INTRODUCTION: NHS Direct, a leading telephone healthcare provider worldwide, provided 24/7 health care advice and information to the public in England and Wales (1998-2014). The fundamental aim of this service was to increase accessibility, however, research has suggested a disparity in the utilisation of this service related to ethnicity. This research presents the first national study to determine how the diverse population in England have engaged with this service. METHODS: NHS Direct call data from the combined months of July, 2010 October, 2010, January 2011 and April, 2011 was analysed (N = 1,342, 245) for all 0845 4647 NHS Direct core service calls in England. Expected usage of NHS Direct was determined for each ethnic group of the population by age and gender and compared by actual usage using Chi-square analysis. A one-way analysis of variance (ANOVA) was used to determine variations of uptake by ethnic group and Index for Multiple Deprivation (IMD) 2010 rank. RESULTS: Results confirmed that all mixed ethnic groups (White and Black Caribbean, White and Black African, White and Asian) had a higher than expected uptake of NHS Direct which held consistent across all age groups. Lower than expected uptake was found for Black (African/Caribbean) and Asian (Bangladeshi/Indian/Chinese) ethnic group which held consistent by age and gender. For the Pakistani ethnic group usage was higher than expected in adults aged 40 years and older although was lower than expected in younger age groups (0-39). CONCLUSION: Findings support previous research suggesting a variation in usage of NHS Direct influenced by ethnicity, which is evidenced on a national level. Further research is now required to examine the underlying barriers that contribute to the ethnic variation in uptake of this service.

Barriers and facilitators to using NHS Direct: a qualitative study of 'users' and 'non-users'.
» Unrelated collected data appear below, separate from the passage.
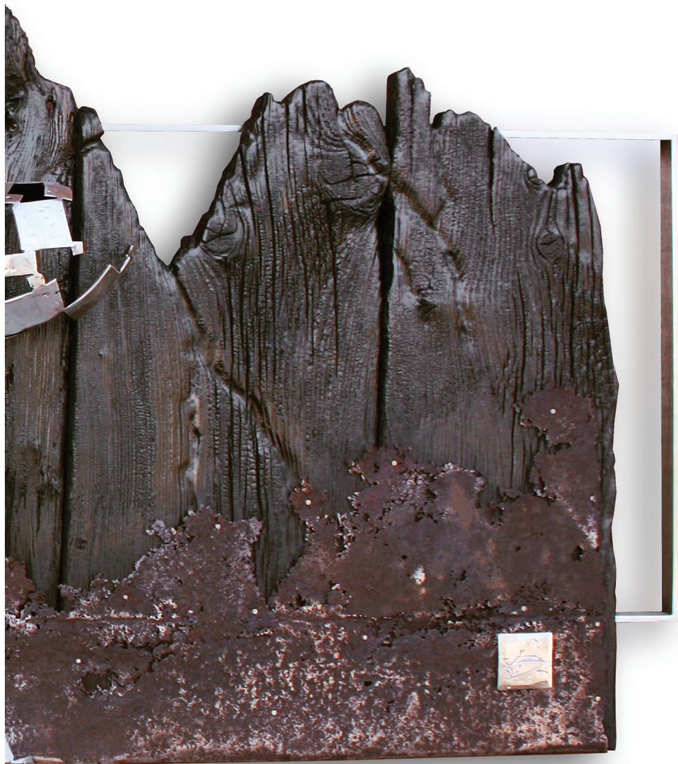
Andrea Borga Eco di montagna (part.) 2023, Acciaio inox, legno di larice secolare carbonizzato, lamiera in ferro corrosa cm. 60 (h) x 150 x 17
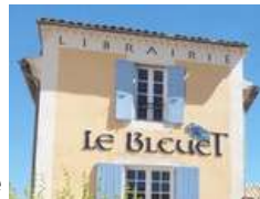
@Librairie Le Bleuet
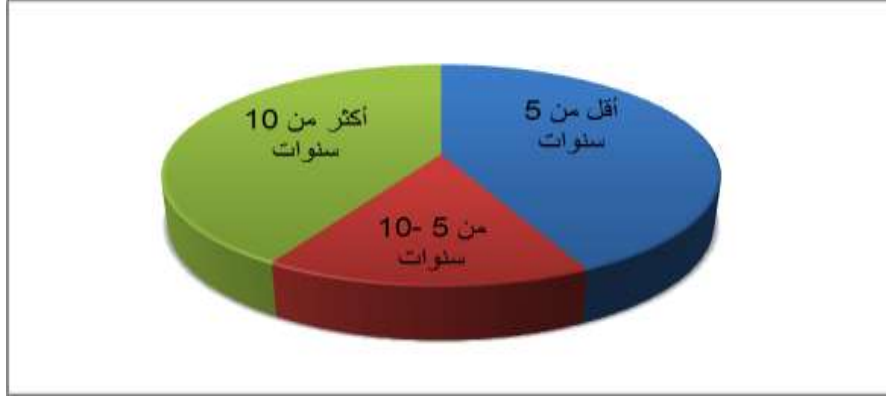
الشكل الرقم (٢): توزيع أفراد عينة الدراسة وفقاً لمتغير عدد سنوات الخدمة

يتبين من الجدول رقم (٢)، والشكل رقم (٢) أن الإداريات محل الدراسة اللاتي سنوات خدمتهن أقل من ٥ سنوات بنسبة (٤٢.٧%) وهن غالبية أفراد عينة الدراسة، ثم اللاتي سنوات خدمتهن أكثر من ١٠ سنوات بنسبة (٤١.٣%)، وأخيراً اللاتي سنوات خدمتهن من ٥ - ١٠ سنوات بنسبة (١٦%).
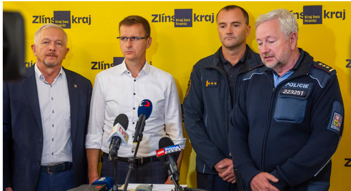
↑ BRÍFINK K POVODNÍM. Hejtmán zodpovídá také za krizové řízení. Během povodní, které v září zasáhly Zlínský kraj, na tiskových brífincích pravidelně informoval veřejnost o aktuální situaci.

Naše priority se nemění, zůstávají jimi zdravotnictví, doprava i téma stárnutí našeho kraje. Na tom jsme se jako ko-
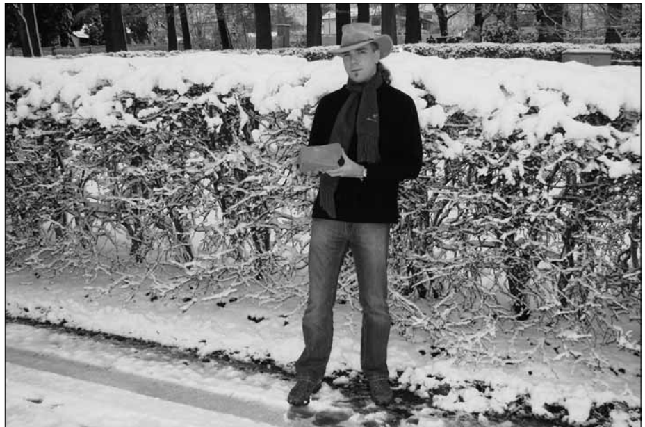
Abb. 7 und 8 - Nach nicht gerade einer alkoholfreien Nacht in Köln (wir konnten nichts dafür, dass Karneval war) fällt es uns, besonders mir, zwar etwas schwer, uns wieder der Ernsthaftigkeit des Themas zu widmen, dennoch halten wir stolzerfüllt ein Stück südamerikanischer Geschichte in der Hand. Wer daran wohl wann gearbeitet hat und in welchem Gebäude es einst einen Platz fand?
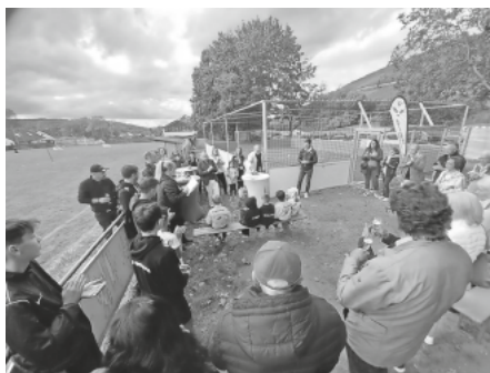
Andrang von jung und alt bei der Eröffnung
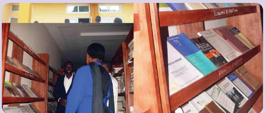
Madame la MESRS visitant le Centre de Documentation et d'Information (CDI)
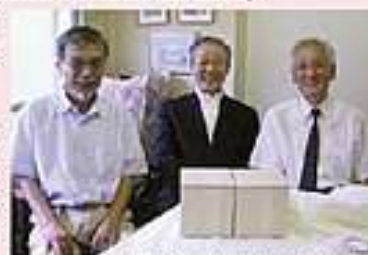
(向かって左がKさん、右が同社長、中央が私)

電話の先で「うーん」とのうなり声が入ってきました。しかし、すぐに「あっ紹介できますよ。私たちの会員で、定年後に趣味で木工の工房をもたれている方がいます」
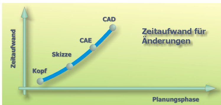
Bild 2: Zeitaufwand für Änderungen mit den jeweiligen Hilfsmitteln/Werkzeugen
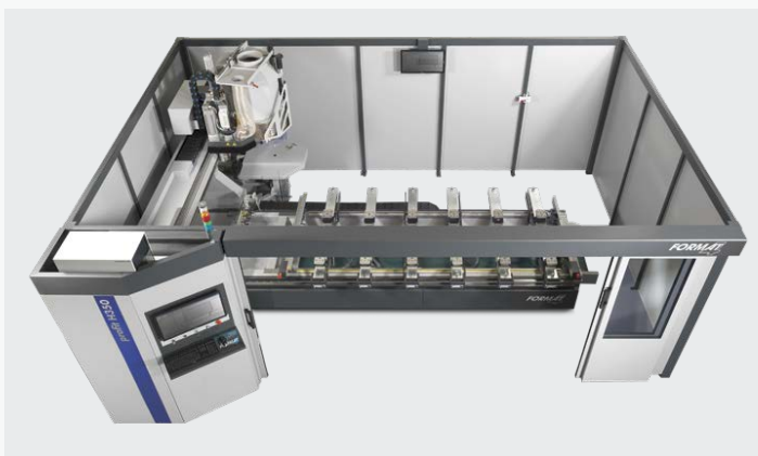
▲ Le système SafeSpace réduit l'emprise au sol d'environ 15% sans pour autant diminuer la capacité de production.

Compact et personnalisable, ce nouveau centre à commande numérique pour l'agencement et l'usinage de portes associe capacité de production et faible encombrement. Creator 950 concentre sur 5m 2 toutes les opérations classiques d'un centre de perçage et d'autres plus complexes comme l'injection de colle ou la pose de tourillons. Le travail à plat limite le déplacement des panneaux et améliore le maintien de la pièce. Le changement d'outil permet de réaliser certaines tâches spécifiques, comme l'usinage de logement de serrure grâce à l'installation d'un renvoi d'angle que l'on trouve généralement sur des centres plus importants. Sans être un centre d'usinage de portes en série, Creator 950 apporte une réelle flexibilité aux professionnels recherchant une polyvalence ou souhaitant délester une ligne de production. Idéal pour la fabrication de pièces unitaires, il réduit le temps de préparation par un démarrage immédiat sans positionnement de traverses ou de ventouses. ■
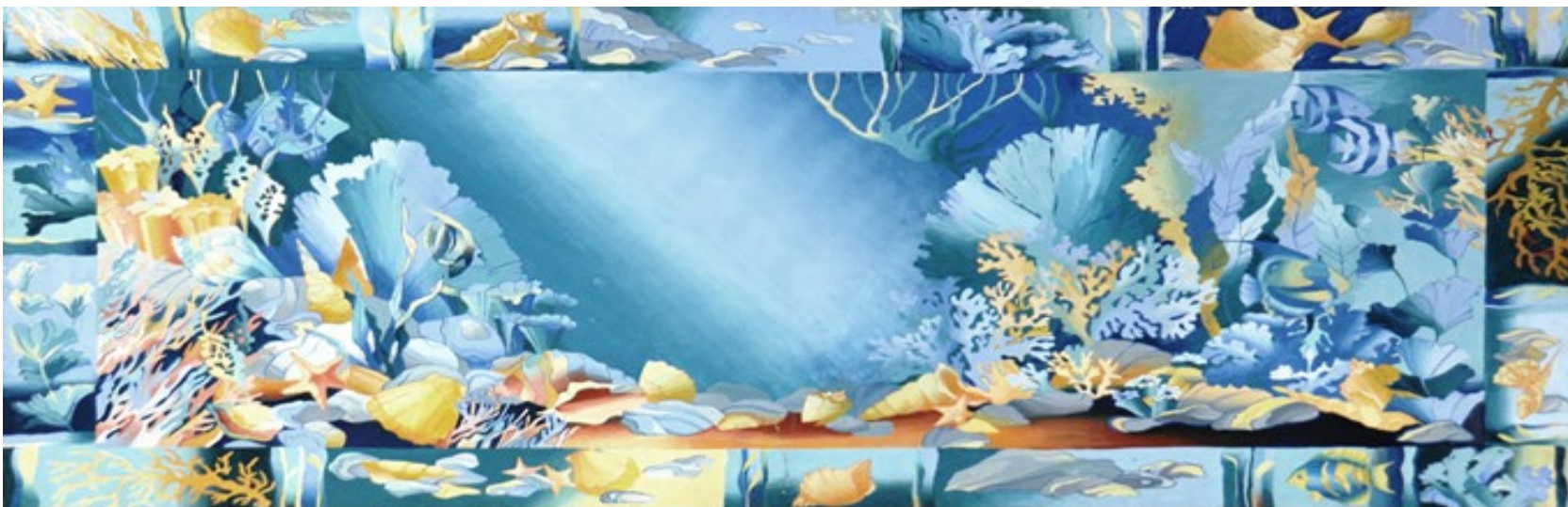
№ 7. Вариант 1. Проект композиции палантина, размер 60x190см. и проект моделей применения изделия – планшет 40x60см
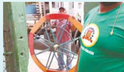
Execução de reparos no playground do Jardim Botânico - Bom Retiro
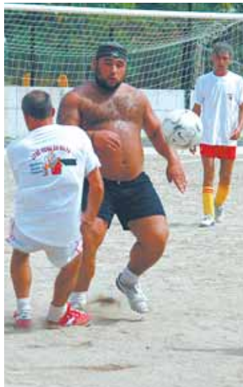
Football ou rugby ?
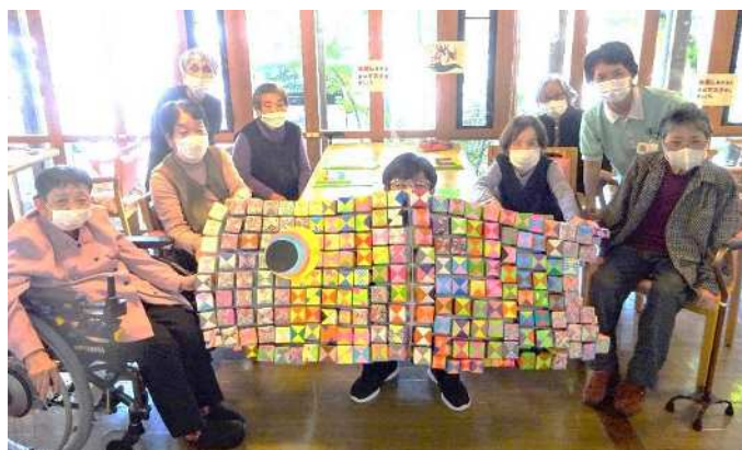
みんなで作った箱（200個？）を組み合わせ 鯉のぼりが完成♪
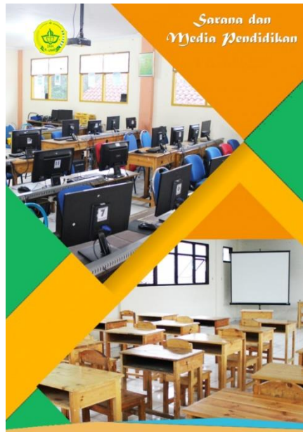
Gambar 8. Halaman 7

Desain dari Sarana dan Media Pendidikan ini berisi Foto sarana dan media pendidikan. Desain ini berwarna hijau dan kuning, font yang digunakan yaitu Calibri, Magneto
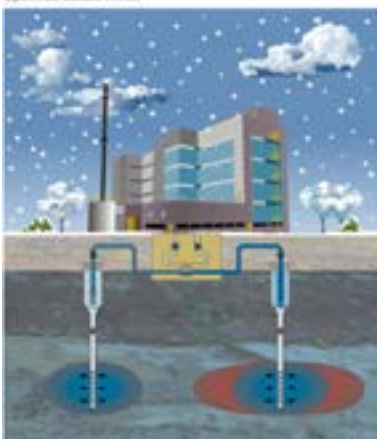
Open recirculatie winter
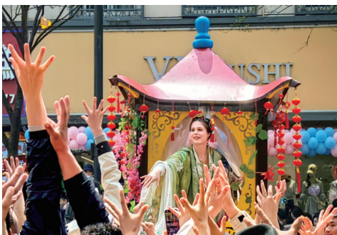
蚕花节庆、彩舆同乐

点评:进入繁殖期的白鹭,长出惊艳的婚羽(繁殖羽),羽姿宛如绽放的烟花,灵动富有生机。作者巧用侧逆光,细腻勾勒白鹭飘逸的羽毛。深绿色虚化背景被压成近乎纯黑暗调,与自带光晕的白鹭形成鲜明明暗对比,极大突出画面主体。
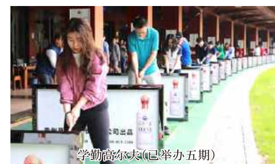
学勤高尔夫(已举办五期)

BACKGROUND: NHS Direct, introduced in 1998, has provided 24/7 telephone-based healthcare advice and information to the public in England and Wales. National studies have suggested variation in the uptake of this service amongst the UK's diverse population. This study provides the first exploration of the barriers and facilitators that impact upon the uptake of this service from the perspectives of both 'users' and 'non- users'. METHODS: Focus groups were held with NHS Direct 'users' (N = 2) from Bedfordshire alongside 'non-users' from Manchester (N = 3) and Mendip, Somerset (N = 4). Each focus group had between five to eight participants. A total of eighty one people aged between 21 and 94 years old (M: 58.90, SD: 22.70) took part in this research. Each focus group discussion lasted approximately 90 minutes and was audiotape-recorded with participants' permission. The recordings were transcribed verbatim. A framework approach was used to analyse the transcripts. RESULTS: The findings from this research uncovered a range of barriers and facilitators that impact upon the uptake of NHS Direct. 'Non-users' were unaware of the range of services that NHS Direct provided. Furthermore, 'non-users' highlighted a preference for face-to face communication, identifying a lack of confidence in discussing healthcare over the telephone. This was particularly evident among older people with cognitive difficulties. The cost to telephone a '0845' number from a mobile was also viewed to be a barrier to access NHS Direct, expressed more often by 'non-users' from deprived communities. NHS Direct 'users' identified that awareness, ease of use and convenience were facilitators which influenced their decision to use the service. CONCLUSIONS: An understanding of the barriers and facilitators which impact on the access and uptake of telephone-based healthcare is essential to move patients towards the self-care model. This research has highlighted the need for telephone-based healthcare services to increase public awareness; through the delivery of more targeted advertising to promote the service provision available.